Similarly, the Collie Battery Energy Storage System, run by state utility Synergy, will be one of the world’s largest battery systems. It will provide 500 megawatts of power with 2,000 megawatt hours of storage to the South West Interconnected System, which can power 785,000 average homes for four hours. Liz Baggetta, Synergy’s head of transition, said it offers a “great opportunity” to the company’s employees, with some already working on the project as part of their individual transition plans.
The town is pinning even greater hopes on Green Steel WA, another cornerstone of Collie’s economic diversification strategy. The company plans to build a 450,000-metric-tonne electric arc furnace, powered by renewable energy. The facility will recycle scrap steel into low-emission products, with the potential to cut 800,000 tonnes of CO2 annually compared to traditional steelmaking. The company is hoping to generate around 220 direct jobs in Collie, and hundreds more in supporting roles.

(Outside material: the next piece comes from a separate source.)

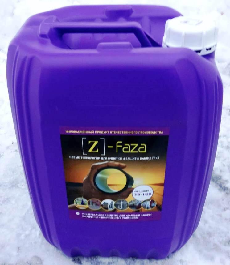 Z-faza для очистки от отложений с внутренних поверхностей котлов, систем отопления, систем водоснабжения, бойлеров, водонагревателей, конденсаторов, чиллеров, трубопроводов, водопроводов и другого теплотехнического, теплообменного и котельного оборудования, выполненного из чёрных металлов и сплавов. В Томске разработан специальный реагент для очистки труб «Z-faza». Если на Вашем предприятии в трубопроводах, выполненных из чёрной стали, появляются отложения на стенках, то с течением времени внутри труб появляются соли, песок и другие отходы. В результате происходит снижение диаметра труб, что существенно снижает их эффективность. Поэтому срок службы таких труб невелик, около 25 лет. В связи с этим были утверждены правила промывки теплообменного оборудования на производстве (раз в 3–4 года обязательно).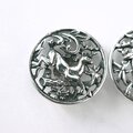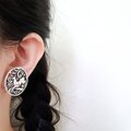 1949年にニューヨークで創業したSarah Coventry(サラコベントリー)の1958年に販売された“Woodland Flight”の黒ずみ加工が施された森林の中を駆ける鹿が象られたオープンワークデザインのラウンド型のヴィンテージイヤリングです。

Tailored plans for workers
The final piece in Collie’s transition puzzle is its retraining programme. In 2022, the government announced a training support package that would expand the existing Collie Jobs and Skills Centre (JSC) to deliver a facility situated – very deliberately – in the middle of the high street to provide tailored career and training assistance to residents.

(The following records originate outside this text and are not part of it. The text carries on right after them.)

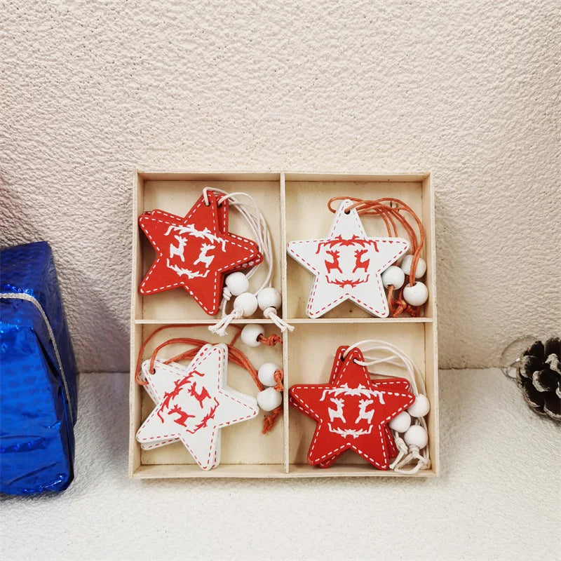 12-Piece Wooden Christmas Decorations Set - Pure Wood Pendants (Deer, Bells, Snowflakes, Stars) | Xmas Tree Ornaments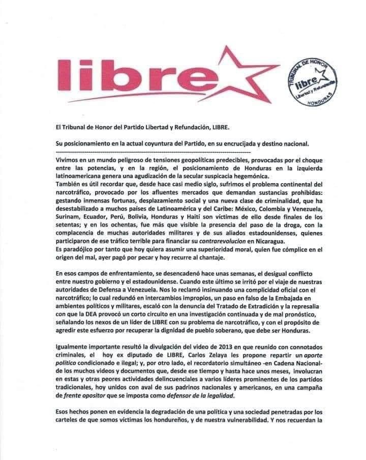 Tegucigalpa- Tribunal de Honor de Libre acepta la renuncia de Carlos Zelaya, “El exdiputado Carlos Zelaya ya presentó a la Asamblea Nacional de Libre su renuncia al partido… ya no tenemos jurisdicción sobre su caso”, menciona el comunicado.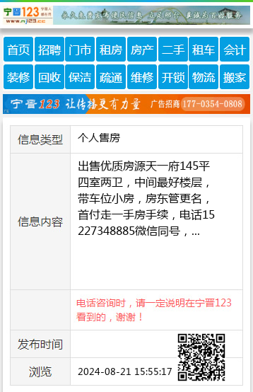 出售优质房源天一府145平四室两卫,中间最好楼层,带车位小房,房东管更名,首付走一手房手续,电话15227348885微信同号, 【电话咨询时,请一定说明在宁晋123看到的,谢谢!】 |

“We can’t train everyone at once – new industries are still evolving,” explained JSC manager Nat Cook. “So we adapt to meet changing needs, offering everything from resume writing to on-site consultations.”
Separately, Synergy has set up a Workforce Transition Program to provide individualised pathways for workers affected by the closure of the Muja and Collie power stations, offering retraining, redeployment, voluntary redundancy or retirement. “When the closure announcements were made, we spent six months listening to workers to understand their concerns and goals,” explained Baggetta, who heads up the programme. Based on these conversations, Synergy developed tailored plans to help employees navigate their futures.


And while Collie’s transition is still in its infancy, these efforts are starting to bear fruit. Maintenance workers at Griffin Coal have received a 43% pay rise, paid-time training, a 25% uplift to their redundancies, a A$30,000 retention package and the establishment of ‘work councils’. Similarly, Synergy workers have agreed wage increases of inflation plus 1.5% guaranteed until 2029, paid-time training and a three-month uplift to their redundancies.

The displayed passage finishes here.